Problem to solve:
For this exercise, write out only the lines of the entries below from the one with "Đón đầu xu hướng" up to and including the one with "每個Neighborhood Group都有它們的月會, 有的是每個月的第一個週五, 有的是第二個週二等等.", exactly as they are. Pictures stay out.

Data:

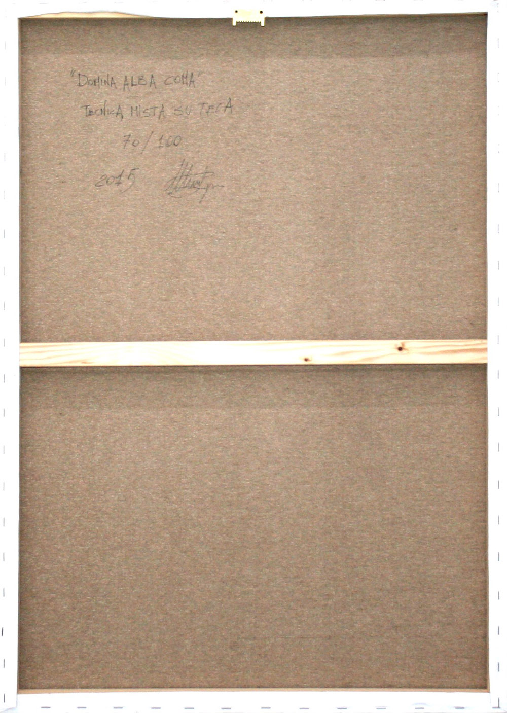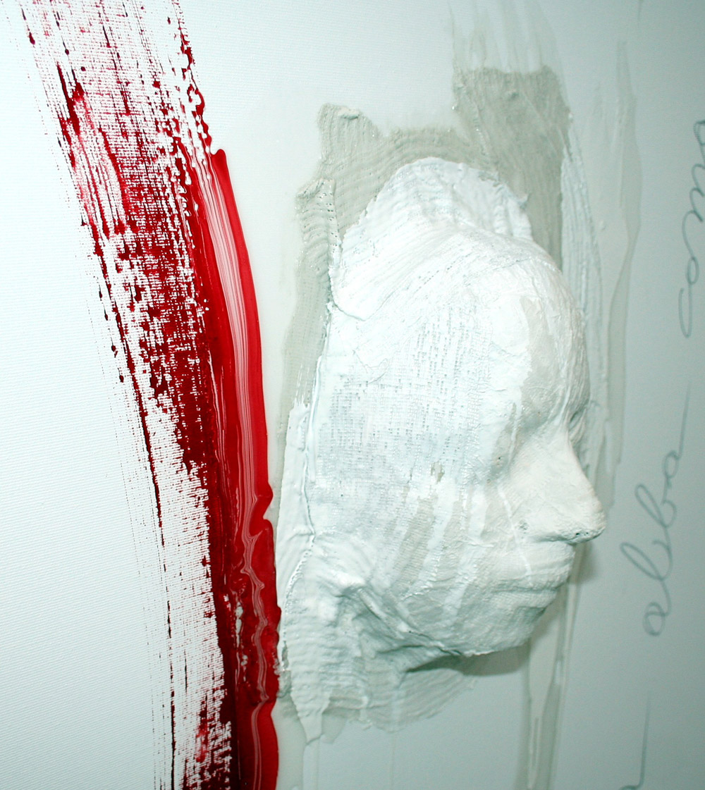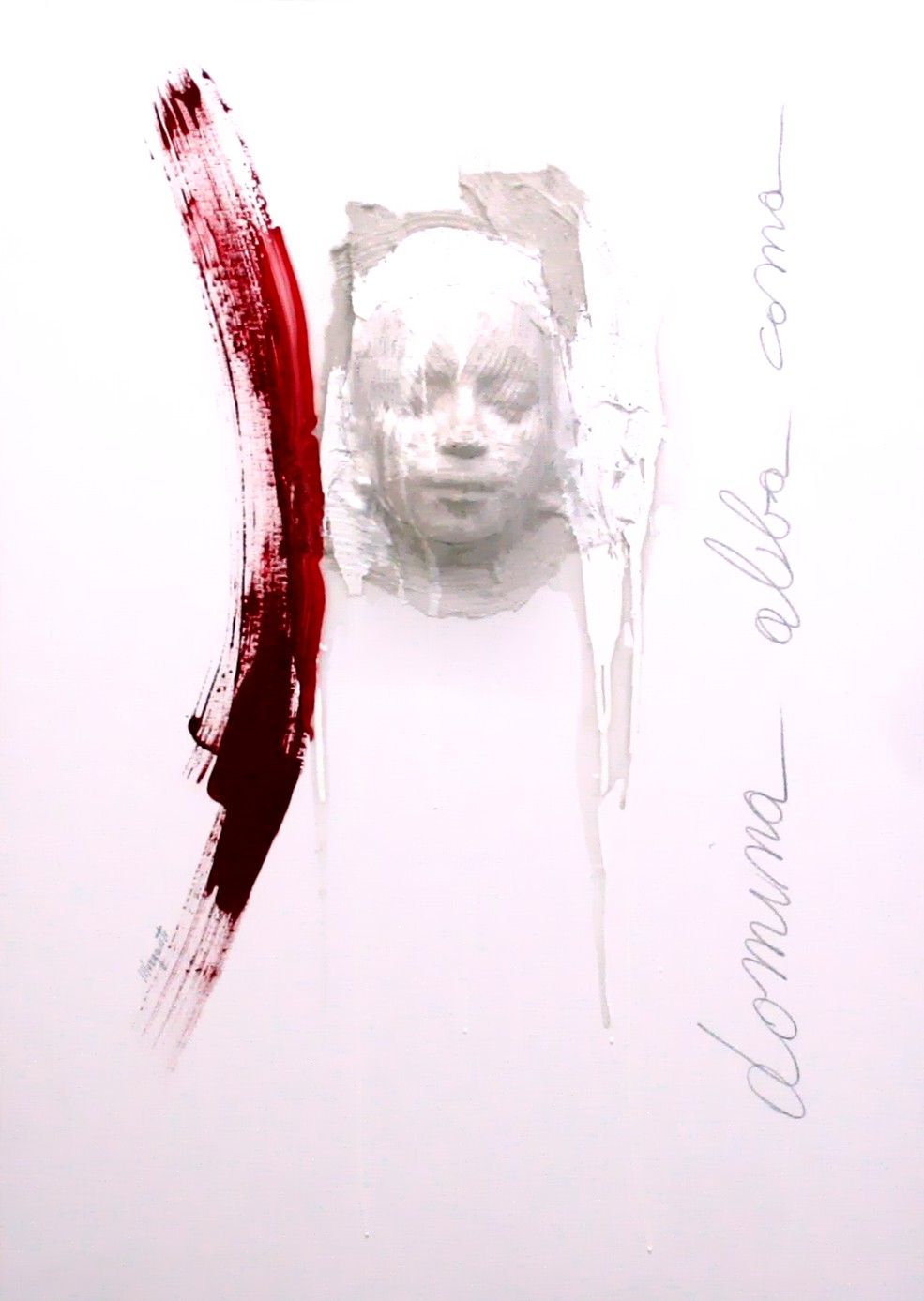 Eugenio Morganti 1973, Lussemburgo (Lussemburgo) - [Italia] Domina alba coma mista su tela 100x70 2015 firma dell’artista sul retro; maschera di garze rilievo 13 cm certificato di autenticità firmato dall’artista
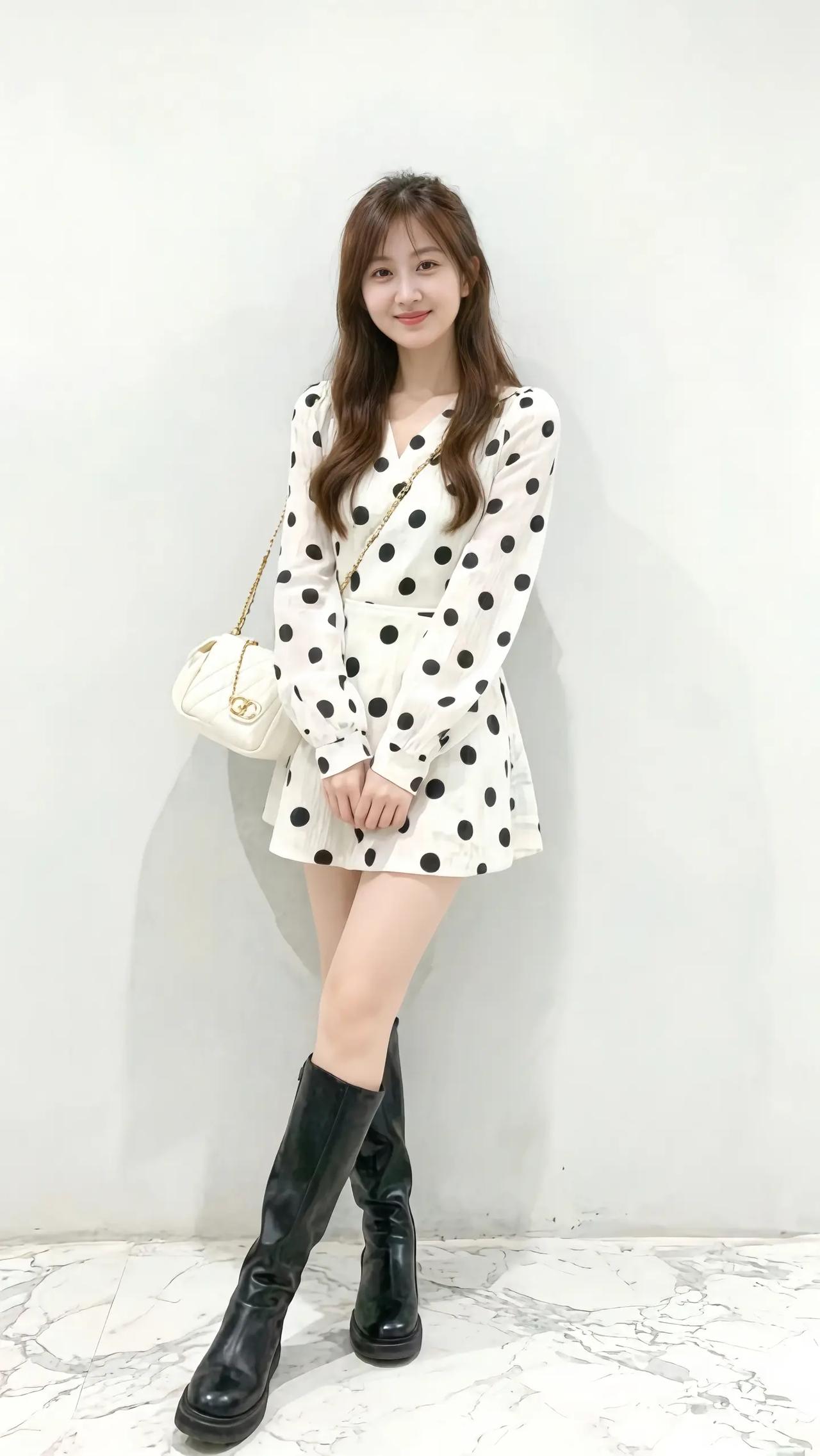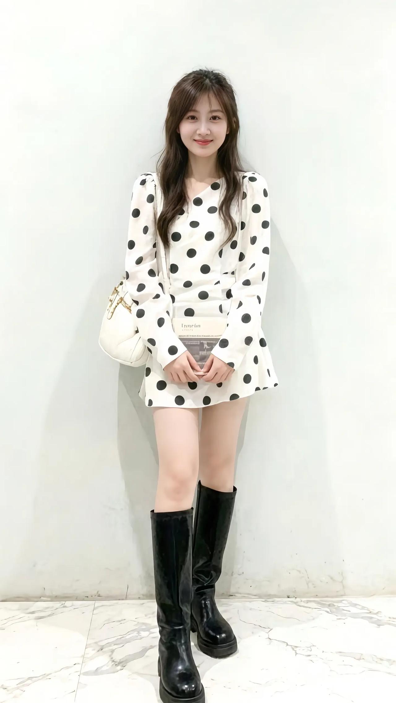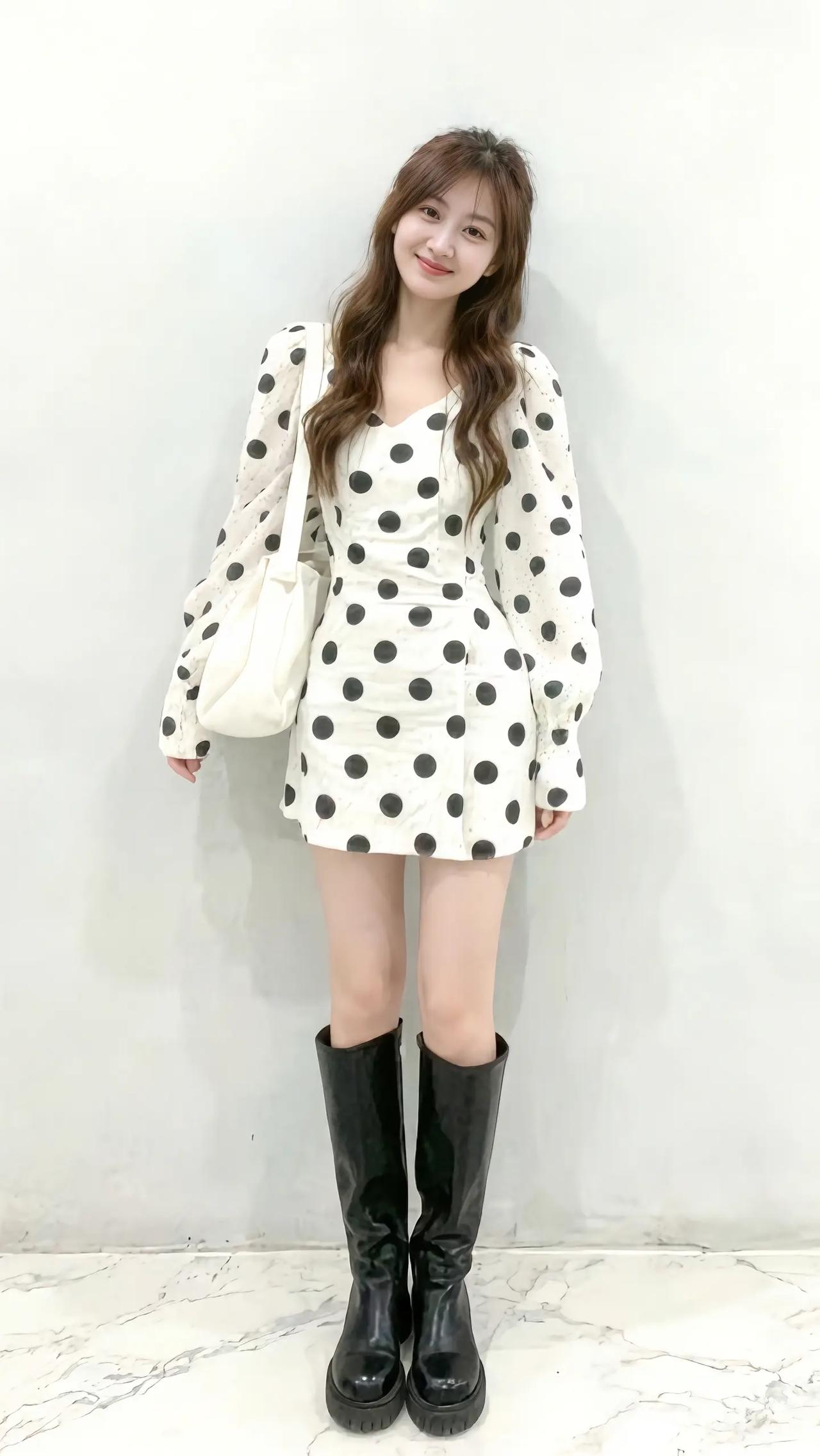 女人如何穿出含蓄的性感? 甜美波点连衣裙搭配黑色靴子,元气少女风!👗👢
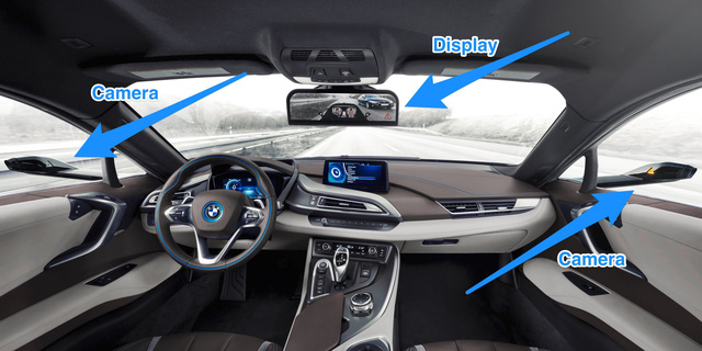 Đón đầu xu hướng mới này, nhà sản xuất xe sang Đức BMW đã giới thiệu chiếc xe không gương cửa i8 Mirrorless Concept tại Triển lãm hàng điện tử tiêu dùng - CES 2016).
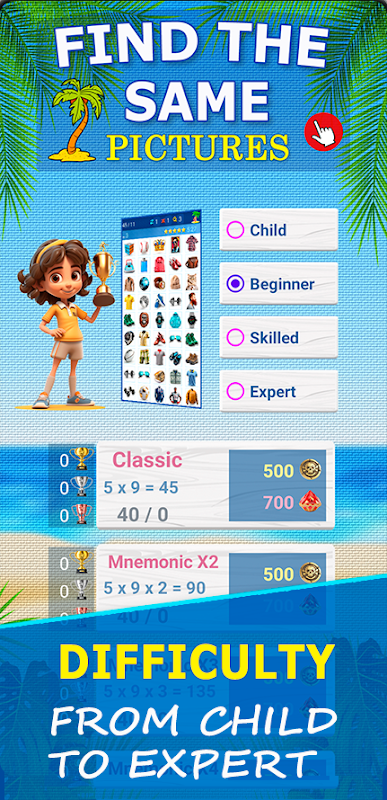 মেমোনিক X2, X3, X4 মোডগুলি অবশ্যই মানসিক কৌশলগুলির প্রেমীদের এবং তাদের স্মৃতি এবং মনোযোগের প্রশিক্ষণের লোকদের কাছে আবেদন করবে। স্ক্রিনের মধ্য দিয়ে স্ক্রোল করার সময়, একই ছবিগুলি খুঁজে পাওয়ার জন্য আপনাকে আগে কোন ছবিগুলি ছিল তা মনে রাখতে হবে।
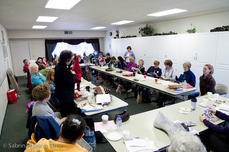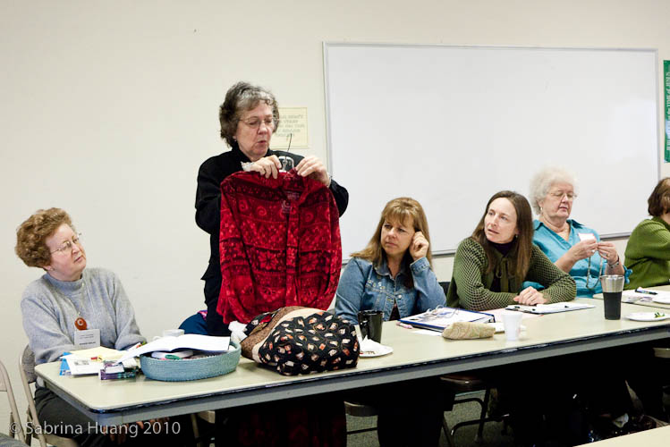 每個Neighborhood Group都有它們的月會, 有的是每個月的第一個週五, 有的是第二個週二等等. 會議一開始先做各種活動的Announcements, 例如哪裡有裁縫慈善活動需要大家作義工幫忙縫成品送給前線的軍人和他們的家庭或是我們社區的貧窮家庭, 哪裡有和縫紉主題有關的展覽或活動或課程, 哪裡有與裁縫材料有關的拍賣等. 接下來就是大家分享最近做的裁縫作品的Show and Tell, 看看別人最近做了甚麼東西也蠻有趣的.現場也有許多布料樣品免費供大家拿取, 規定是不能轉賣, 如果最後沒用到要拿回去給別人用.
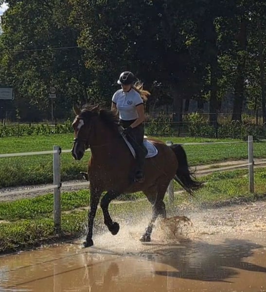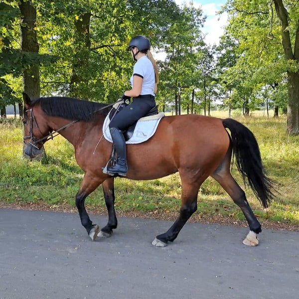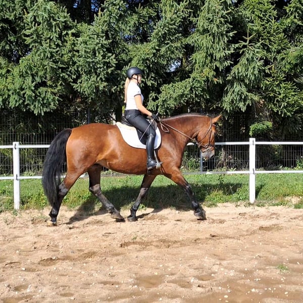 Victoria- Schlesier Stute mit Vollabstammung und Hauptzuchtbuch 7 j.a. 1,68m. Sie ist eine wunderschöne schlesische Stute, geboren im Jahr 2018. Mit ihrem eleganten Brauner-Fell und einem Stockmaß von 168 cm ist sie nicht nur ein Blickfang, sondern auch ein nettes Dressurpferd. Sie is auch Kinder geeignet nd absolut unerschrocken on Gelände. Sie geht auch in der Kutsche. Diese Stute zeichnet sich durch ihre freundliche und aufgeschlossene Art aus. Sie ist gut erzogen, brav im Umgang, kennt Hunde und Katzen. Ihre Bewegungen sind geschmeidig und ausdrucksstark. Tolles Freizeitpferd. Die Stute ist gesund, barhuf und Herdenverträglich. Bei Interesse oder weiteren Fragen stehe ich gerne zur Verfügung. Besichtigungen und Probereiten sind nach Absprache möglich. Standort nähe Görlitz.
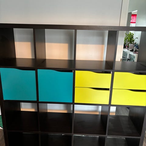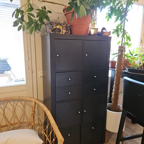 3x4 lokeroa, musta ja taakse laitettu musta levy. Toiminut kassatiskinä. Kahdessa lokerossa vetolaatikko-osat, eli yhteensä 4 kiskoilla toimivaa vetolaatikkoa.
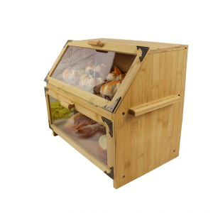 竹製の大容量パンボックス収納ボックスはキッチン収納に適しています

Output for this task:
 Đón đầu xu hướng mới này, nhà sản xuất xe sang Đức BMW đã giới thiệu chiếc xe không gương cửa i8 Mirrorless Concept tại Triển lãm hàng điện tử tiêu dùng - CES 2016).
 মেমোনিক X2, X3, X4 মোডগুলি অবশ্যই মানসিক কৌশলগুলির প্রেমীদের এবং তাদের স্মৃতি এবং মনোযোগের প্রশিক্ষণের লোকদের কাছে আবেদন করবে। স্ক্রিনের মধ্য দিয়ে স্ক্রোল করার সময়, একই ছবিগুলি খুঁজে পাওয়ার জন্য আপনাকে আগে কোন ছবিগুলি ছিল তা মনে রাখতে হবে।
 每個Neighborhood Group都有它們的月會, 有的是每個月的第一個週五, 有的是第二個週二等等. 會議一開始先做各種活動的Announcements, 例如哪裡有裁縫慈善活動需要大家作義工幫忙縫成品送給前線的軍人和他們的家庭或是我們社區的貧窮家庭, 哪裡有和縫紉主題有關的展覽或活動或課程, 哪裡有與裁縫材料有關的拍賣等. 接下來就是大家分享最近做的裁縫作品的Show and Tell, 看看別人最近做了甚麼東西也蠻有趣的.現場也有許多布料樣品免費供大家拿取, 規定是不能轉賣, 如果最後沒用到要拿回去給別人用.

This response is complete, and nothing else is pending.